You know why bullies exist?  Because our mating rituals are flawed.  You marry a meat-head because he can 'hold his own' in a fight?  Sort of like marrying a steel lamp post because 'he could really take a punch'.  You don't get the 'Sensitive' with the 'Insensitive'.  There is a view that the bully is a stronger person...because they are more willing to fight?  I've met enough people to know that the excuse they are more willing to fight for can be as varied as the individual but with one common denominator: Insecurity. 

Some of the most insecure people are more willing to fight.  These include people who have lived on the street.  Some have been in the prison system.  Some have grown up in rough neighborhoods possibly in foster homes.  The rage to get into a fight is actually a secondary response...the first is fear.  The fear comes from the idea that they are losing control.  This is not to be trifled with.  You might beat them in a fight but they will come back at you with a gun or a knife.  There is nothing more dangerous than a cornered animal.  In situations where you absolutely have no trust in the people and situations around you, power is the only thing you can strive for.  They find a partner and the first thing they HAVE to know about them is 'Which buttons to press'.  The problem is that if you behave like this, those who are closest to you will 'Learn' from your example and not trust you, or anyone else.   Hence the bully is born. 

Sometimes the lack of trust goes so deep but the 'Feral reaction' has not taken hold.  This is the worst for the fear of fighting.  You do not trust other people enough that you will not be seriously hurt.  The fear that if they get the upper hand, they will keep hitting until you are maimed or dead.  But that is a topic for another time.
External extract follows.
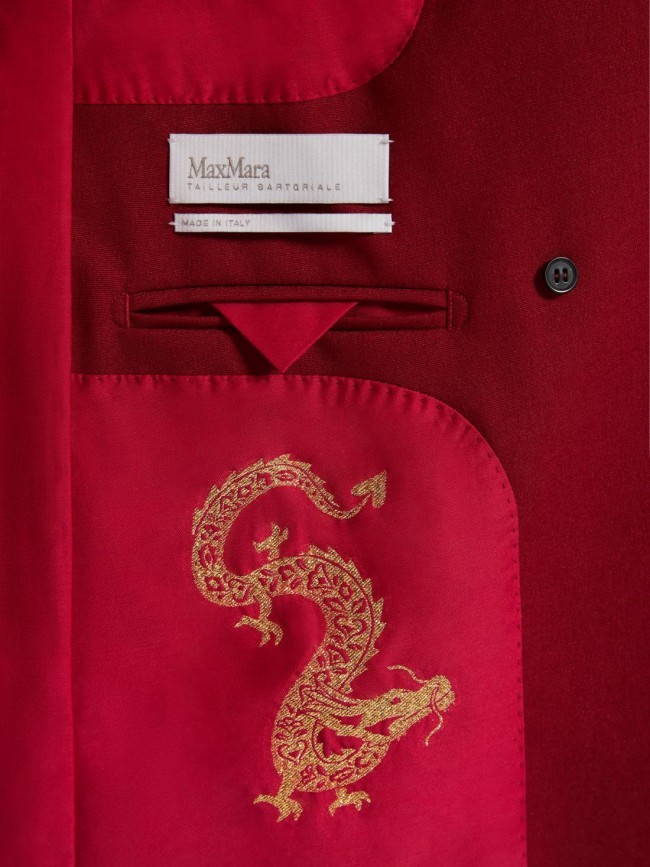 一系列精选单品采用经典的黑色和绯红色设计。精致的短款泰迪熊大衣、运动风格的泰迪熊拉链飞行夹克以及时髦大衣,均选用浓郁红色调呈现;衬里则饰有当季流行的龙形图案。西服上装源自 Max Mara 2024 春夏 Tailored Suit 特别企划项目,以明艳红色调演绎,配以专为龙年打造的特别衬里。此系列亦推出印花衬衫和富有趣致的针织衫,打造考究不凡的整体造型。花卉印花着染深浅不一的红色调,令人想起斯堪的纳维亚的野花花环。渔夫帽、棒球帽、运动鞋及闪亮胸针等配饰单品,为整体造型添上点睛之笔。

A bully sees a sensitive person like Amanda Todd.  They go:

 "Hey! Why the fuck can she be sensitive!  Lets go take control away from her (like I've had done to me) and see how she handles it.  Maybe she knows something I don't.  (...and that way I don't have to be such an insecure douchebag all the time)" -Part Jealousy...part curiousity.  Believe it or not.

When it comes to bullies...a little punch goes a long ways.  Just show them that you are willing to fight and that you can take a punch and give it back.  If it looks like you are against a group; look for the one calling the shots and challenge them directly by saying 'What...you too chicken shit to take me on alone?'  That will give you, at least, a decent chance.  So maybe fighting isn't your thing.  Do it mafia style.  Give the toughest kid in school $100 to kick the crap out of this person for you.  If people say you were a wimp for not taking care of it yourself...just say that you are playing to your strengths and covering the other bases. They walk away scratching their heads since their 'Super-ego dialogue' does not have any contingency for variation.  If they say they will do the same to you... just say 'I didn't start this but I will finish it if I have to'.  You might have to take a few punches and lay down a few more C-notes but they will get the message.
 
My question about this whole 'Amanda Todd' fiasco is 'where were the parents?'  I'm sorry...your daughter is having an actual meltdown.  She needs for YOU to tell her:  That she is important.   That bullies are idiots.  That you love her.  and Give her a hug.

This beautiful, sensitive person didn't have to die.   If I had known her plight, I would have tried to help.  But I'm sure a lot of us are feeling that way. 

...and to the pedophile that tried to get 'a private sex show' that started the distribution of her pictures: You need to set this right.  Donate all your stuff to the parents of this child - with a letter of apology - then end it.